=== Section Start ===

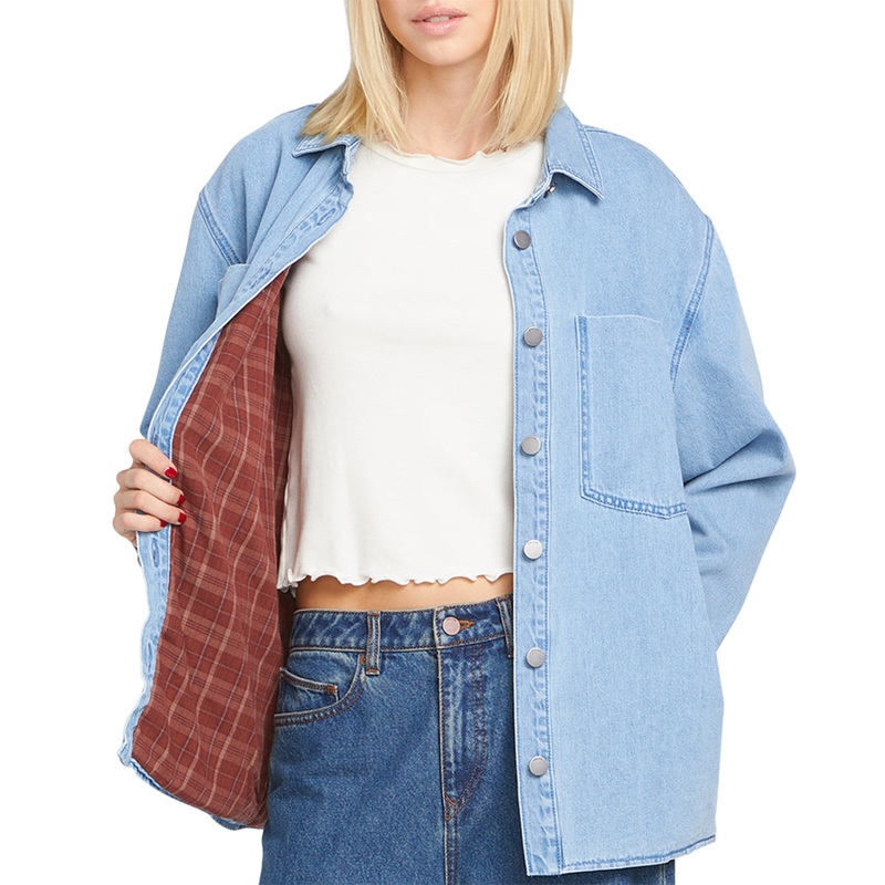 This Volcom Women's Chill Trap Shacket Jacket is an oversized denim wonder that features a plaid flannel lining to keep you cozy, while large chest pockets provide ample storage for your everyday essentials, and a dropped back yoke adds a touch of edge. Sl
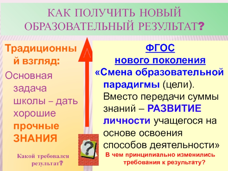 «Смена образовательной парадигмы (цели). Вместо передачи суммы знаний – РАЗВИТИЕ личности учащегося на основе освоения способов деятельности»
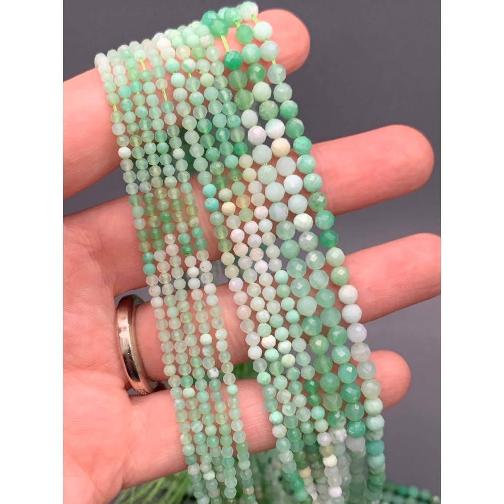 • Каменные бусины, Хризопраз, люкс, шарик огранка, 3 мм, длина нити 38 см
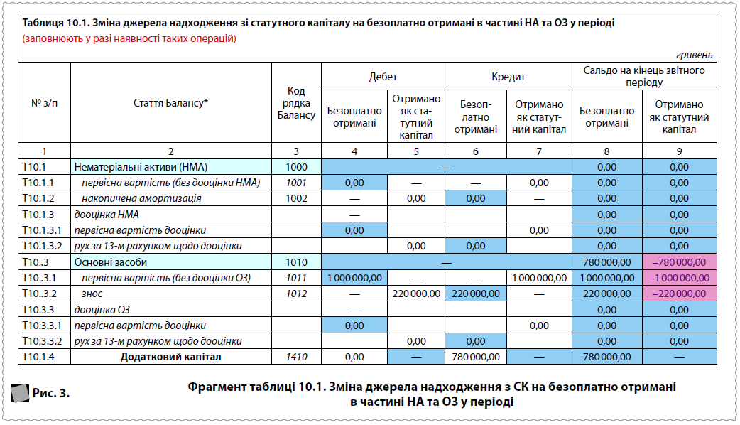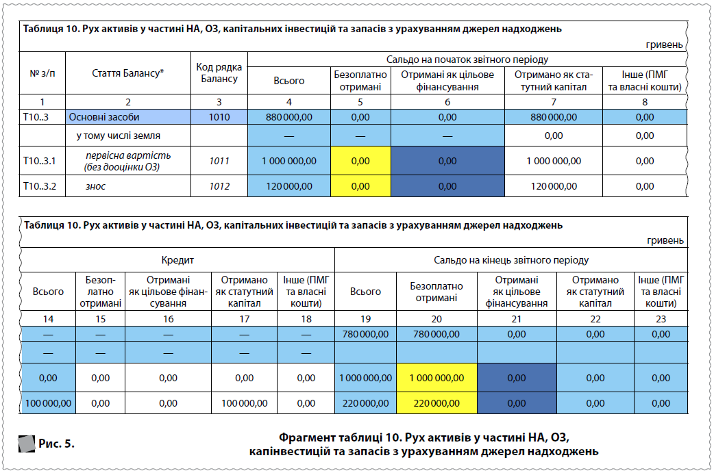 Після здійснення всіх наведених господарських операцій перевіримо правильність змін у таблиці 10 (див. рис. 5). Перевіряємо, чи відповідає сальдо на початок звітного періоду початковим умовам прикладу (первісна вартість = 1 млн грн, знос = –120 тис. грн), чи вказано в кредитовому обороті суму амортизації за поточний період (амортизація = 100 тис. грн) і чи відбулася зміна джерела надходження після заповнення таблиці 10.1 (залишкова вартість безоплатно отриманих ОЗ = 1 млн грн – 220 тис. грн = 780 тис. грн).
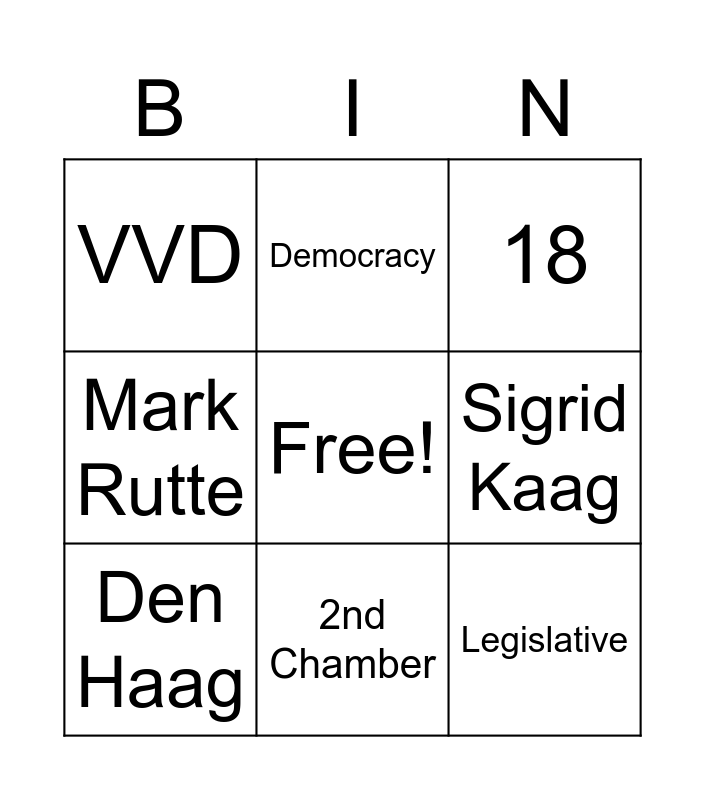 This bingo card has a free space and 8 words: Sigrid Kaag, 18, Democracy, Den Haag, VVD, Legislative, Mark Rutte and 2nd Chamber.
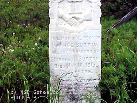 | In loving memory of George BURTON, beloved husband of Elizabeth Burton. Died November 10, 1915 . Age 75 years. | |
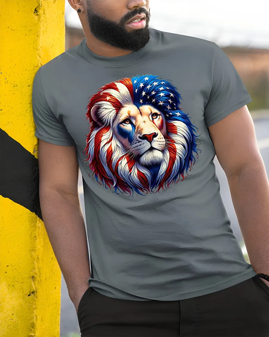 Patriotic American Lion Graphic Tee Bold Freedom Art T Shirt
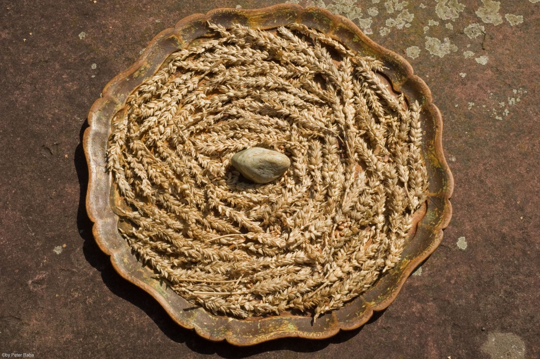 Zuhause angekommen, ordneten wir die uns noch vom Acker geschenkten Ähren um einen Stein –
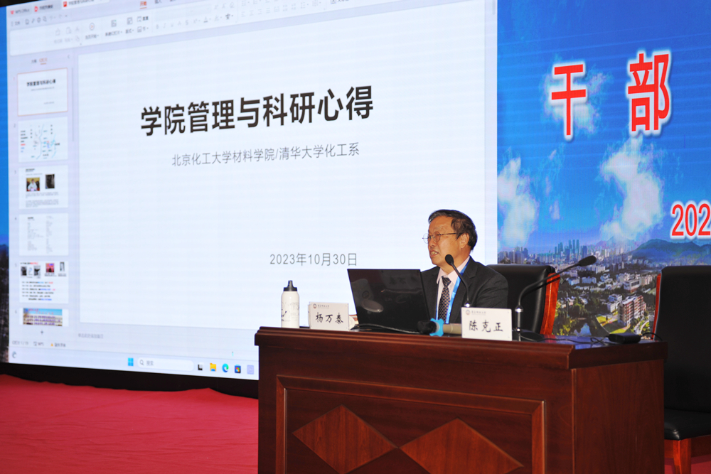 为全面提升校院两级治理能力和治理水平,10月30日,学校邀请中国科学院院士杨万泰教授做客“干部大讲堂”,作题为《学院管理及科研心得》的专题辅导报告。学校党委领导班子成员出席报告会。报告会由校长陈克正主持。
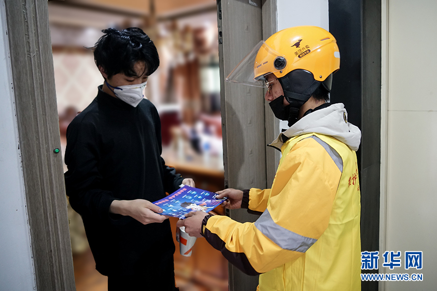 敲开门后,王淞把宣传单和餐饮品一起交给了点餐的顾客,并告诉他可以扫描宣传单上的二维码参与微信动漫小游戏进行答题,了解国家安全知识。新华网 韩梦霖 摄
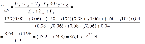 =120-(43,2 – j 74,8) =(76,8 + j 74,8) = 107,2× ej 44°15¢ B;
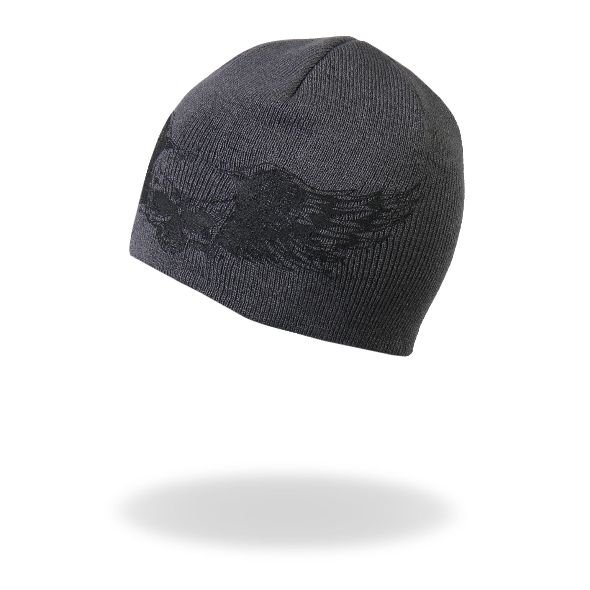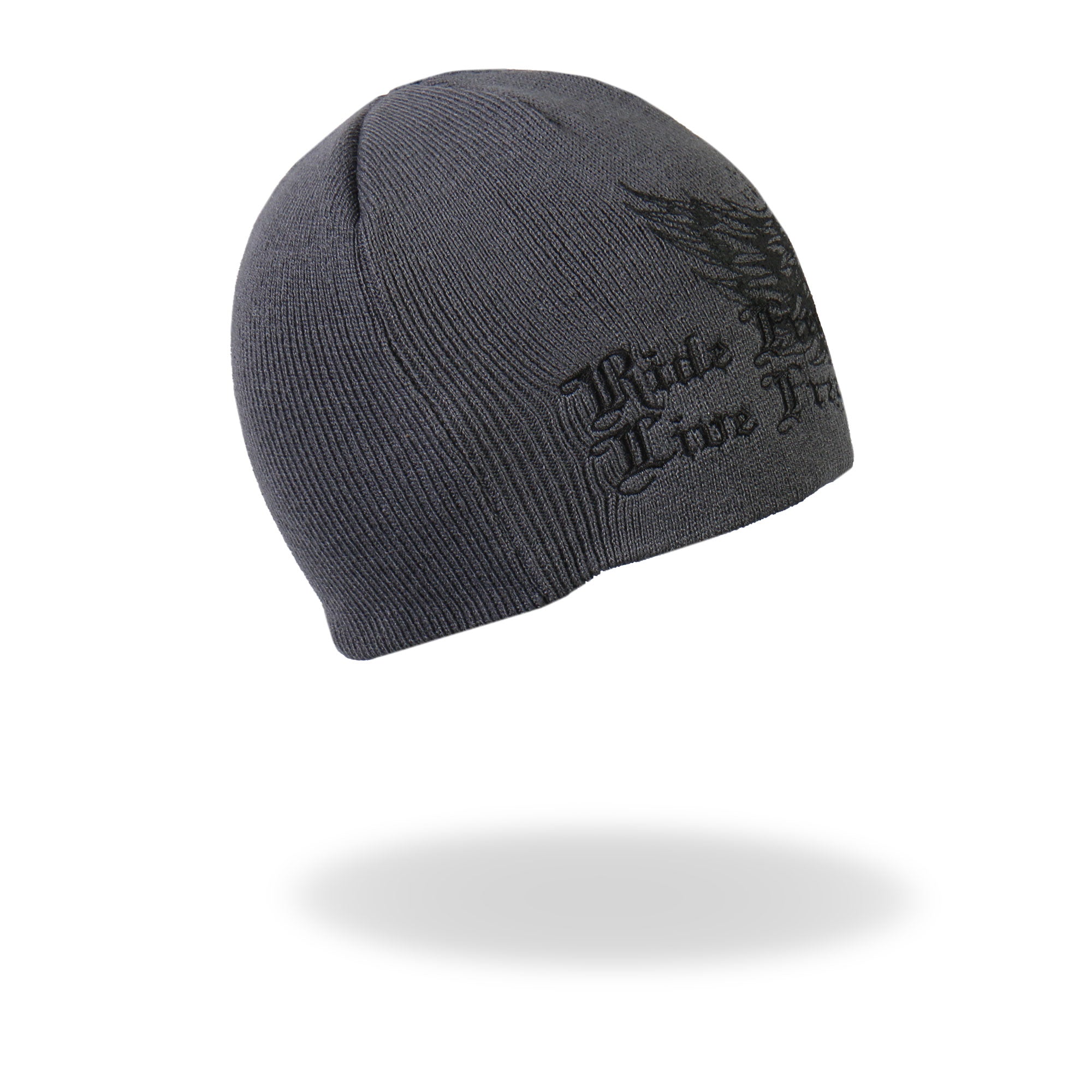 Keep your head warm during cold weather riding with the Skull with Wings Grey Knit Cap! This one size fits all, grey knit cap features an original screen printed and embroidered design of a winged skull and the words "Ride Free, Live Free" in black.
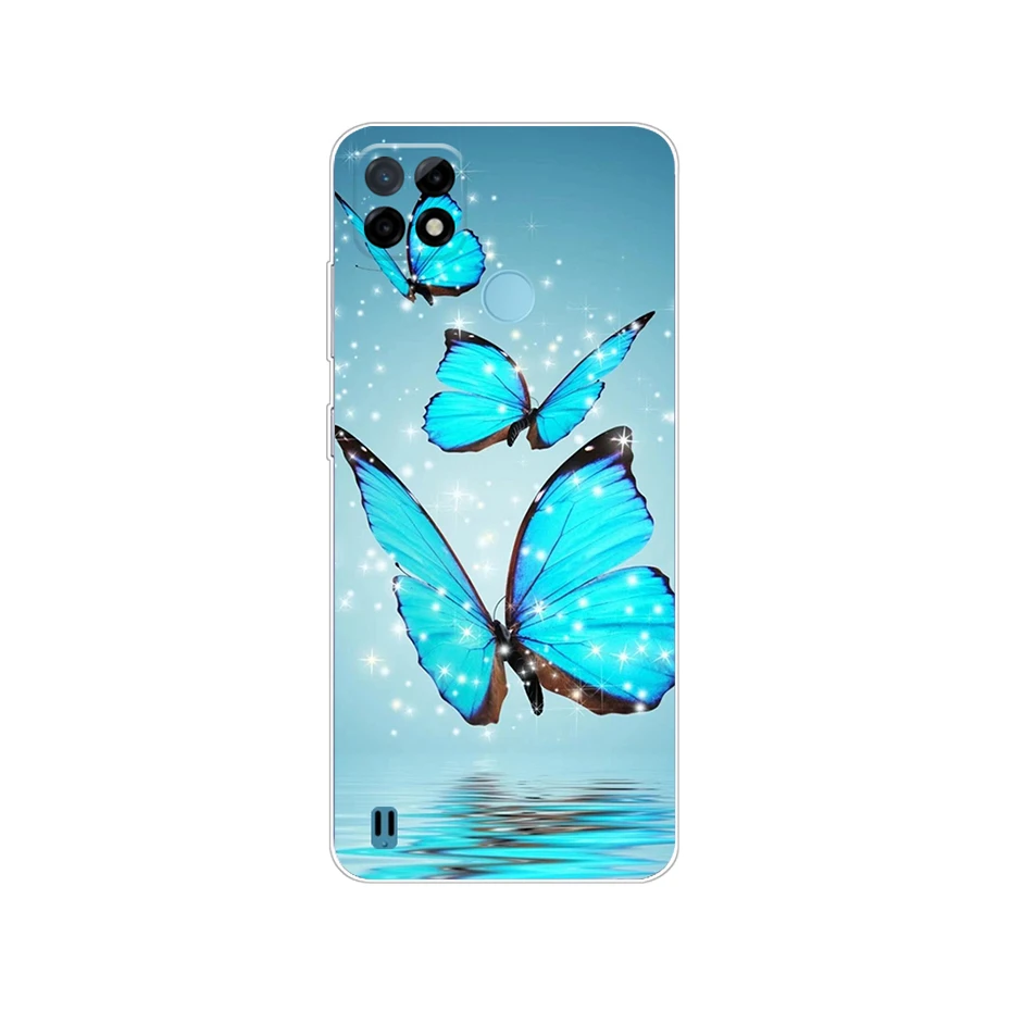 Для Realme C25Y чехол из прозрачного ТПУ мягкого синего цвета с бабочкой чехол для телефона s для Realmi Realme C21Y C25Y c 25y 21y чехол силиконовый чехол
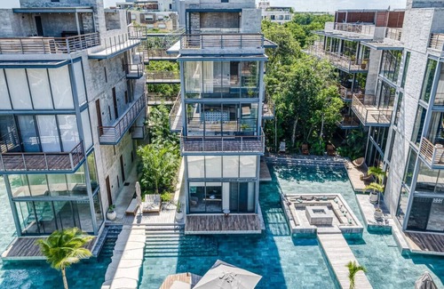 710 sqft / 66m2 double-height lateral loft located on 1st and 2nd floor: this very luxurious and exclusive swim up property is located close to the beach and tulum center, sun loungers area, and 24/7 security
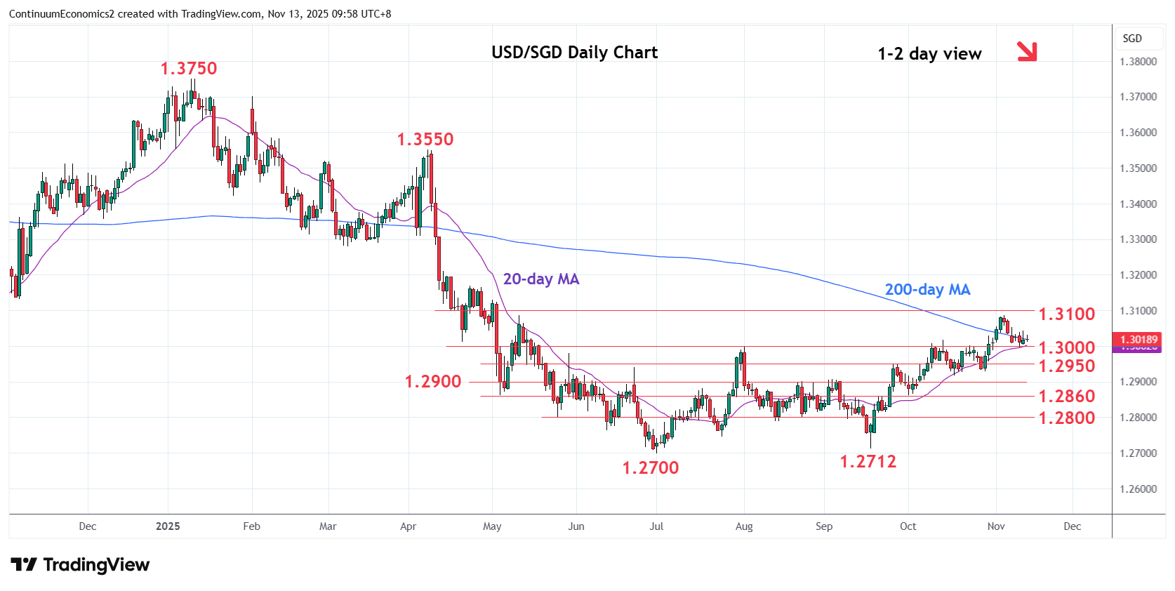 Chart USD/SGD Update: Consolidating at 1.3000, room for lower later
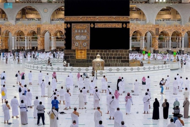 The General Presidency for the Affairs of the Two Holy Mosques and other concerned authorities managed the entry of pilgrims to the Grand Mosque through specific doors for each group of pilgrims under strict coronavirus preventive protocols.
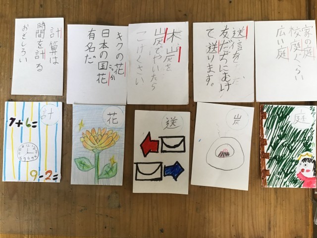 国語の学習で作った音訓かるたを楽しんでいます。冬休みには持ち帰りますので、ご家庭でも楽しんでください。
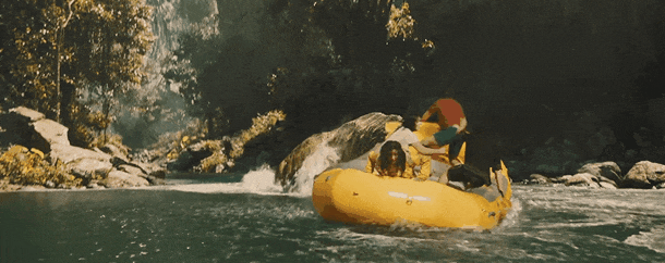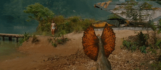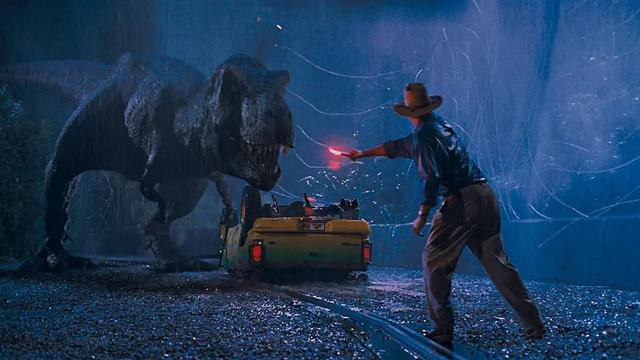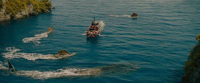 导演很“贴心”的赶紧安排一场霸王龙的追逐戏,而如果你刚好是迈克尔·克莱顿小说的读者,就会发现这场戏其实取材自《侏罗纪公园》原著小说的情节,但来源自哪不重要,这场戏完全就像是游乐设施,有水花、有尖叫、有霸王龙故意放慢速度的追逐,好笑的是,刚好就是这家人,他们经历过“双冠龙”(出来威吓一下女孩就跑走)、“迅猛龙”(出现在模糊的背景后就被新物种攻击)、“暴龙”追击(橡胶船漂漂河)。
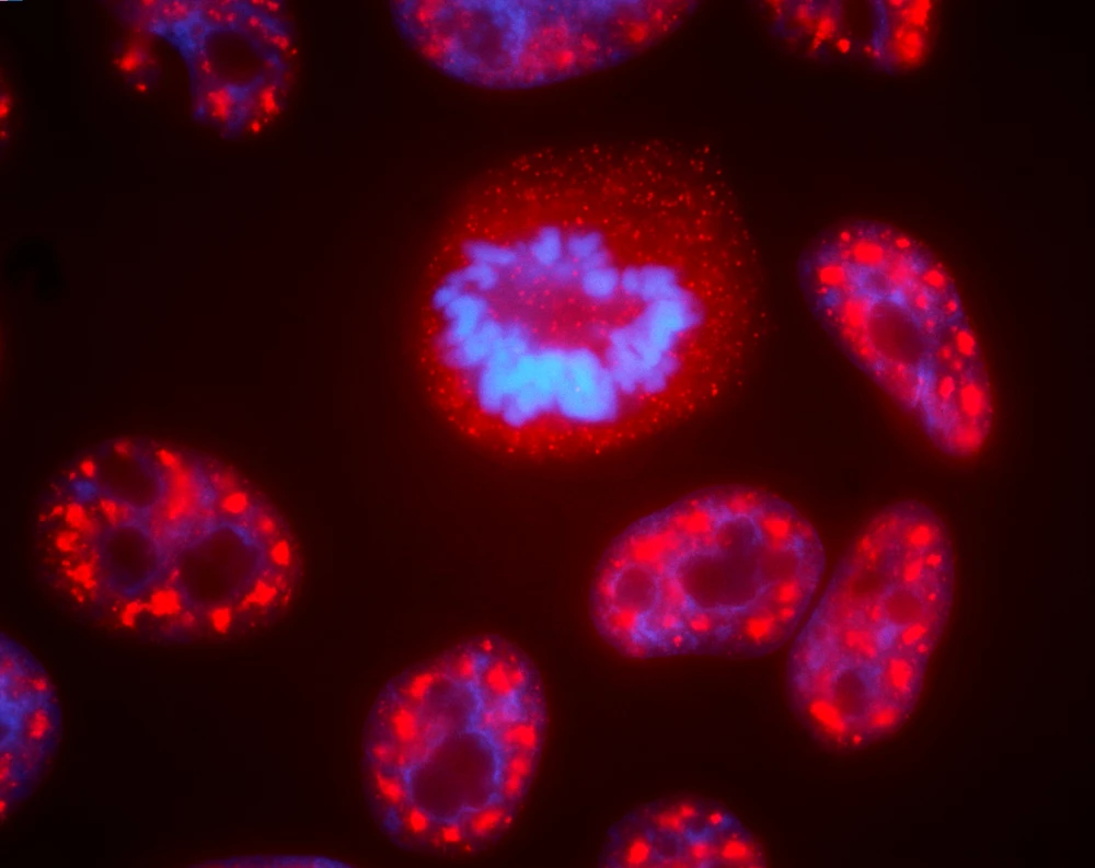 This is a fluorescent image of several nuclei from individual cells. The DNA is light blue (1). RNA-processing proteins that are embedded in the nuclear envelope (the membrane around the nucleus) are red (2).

=== Section End ===

→ **Task instructions**
Leaving the pictures aside, repeat the data above exactly.

→ **Written solution**
 This Volcom Women's Chill Trap Shacket Jacket is an oversized denim wonder that features a plaid flannel lining to keep you cozy, while large chest pockets provide ample storage for your everyday essentials, and a dropped back yoke adds a touch of edge. Sl
 «Смена образовательной парадигмы (цели). Вместо передачи суммы знаний – РАЗВИТИЕ личности учащегося на основе освоения способов деятельности»
 • Каменные бусины, Хризопраз, люкс, шарик огранка, 3 мм, длина нити 38 см
 Після здійснення всіх наведених господарських операцій перевіримо правильність змін у таблиці 10 (див. рис. 5). Перевіряємо, чи відповідає сальдо на початок звітного періоду початковим умовам прикладу (первісна вартість = 1 млн грн, знос = –120 тис. грн), чи вказано в кредитовому обороті суму амортизації за поточний період (амортизація = 100 тис. грн) і чи відбулася зміна джерела надходження після заповнення таблиці 10.1 (залишкова вартість безоплатно отриманих ОЗ = 1 млн грн – 220 тис. грн = 780 тис. грн).
 This bingo card has a free space and 8 words: Sigrid Kaag, 18, Democracy, Den Haag, VVD, Legislative, Mark Rutte and 2nd Chamber.
 | In loving memory of George BURTON, beloved husband of Elizabeth Burton. Died November 10, 1915 . Age 75 years. | |
 Patriotic American Lion Graphic Tee Bold Freedom Art T Shirt
 Zuhause angekommen, ordneten wir die uns noch vom Acker geschenkten Ähren um einen Stein –
 为全面提升校院两级治理能力和治理水平,10月30日,学校邀请中国科学院院士杨万泰教授做客“干部大讲堂”,作题为《学院管理及科研心得》的专题辅导报告。学校党委领导班子成员出席报告会。报告会由校长陈克正主持。
 敲开门后,王淞把宣传单和餐饮品一起交给了点餐的顾客,并告诉他可以扫描宣传单上的二维码参与微信动漫小游戏进行答题,了解国家安全知识。新华网 韩梦霖 摄
 =120-(43,2 – j 74,8) =(76,8 + j 74,8) = 107,2× ej 44°15¢ B;
 Keep your head warm during cold weather riding with the Skull with Wings Grey Knit Cap! This one size fits all, grey knit cap features an original screen printed and embroidered design of a winged skull and the words "Ride Free, Live Free" in black.
 Для Realme C25Y чехол из прозрачного ТПУ мягкого синего цвета с бабочкой чехол для телефона s для Realmi Realme C21Y C25Y c 25y 21y чехол силиконовый чехол
 710 sqft / 66m2 double-height lateral loft located on 1st and 2nd floor: this very luxurious and exclusive swim up property is located close to the beach and tulum center, sun loungers area, and 24/7 security
 Chart USD/SGD Update: Consolidating at 1.3000, room for lower later
 The General Presidency for the Affairs of the Two Holy Mosques and other concerned authorities managed the entry of pilgrims to the Grand Mosque through specific doors for each group of pilgrims under strict coronavirus preventive protocols.
 国語の学習で作った音訓かるたを楽しんでいます。冬休みには持ち帰りますので、ご家庭でも楽しんでください。
 导演很“贴心”的赶紧安排一场霸王龙的追逐戏,而如果你刚好是迈克尔·克莱顿小说的读者,就会发现这场戏其实取材自《侏罗纪公园》原著小说的情节,但来源自哪不重要,这场戏完全就像是游乐设施,有水花、有尖叫、有霸王龙故意放慢速度的追逐,好笑的是,刚好就是这家人,他们经历过“双冠龙”(出来威吓一下女孩就跑走)、“迅猛龙”(出现在模糊的背景后就被新物种攻击)、“暴龙”追击(橡胶船漂漂河)。
 This is a fluorescent image of several nuclei from individual cells. The DNA is light blue (1). RNA-processing proteins that are embedded in the nuclear envelope (the membrane around the nucleus) are red (2).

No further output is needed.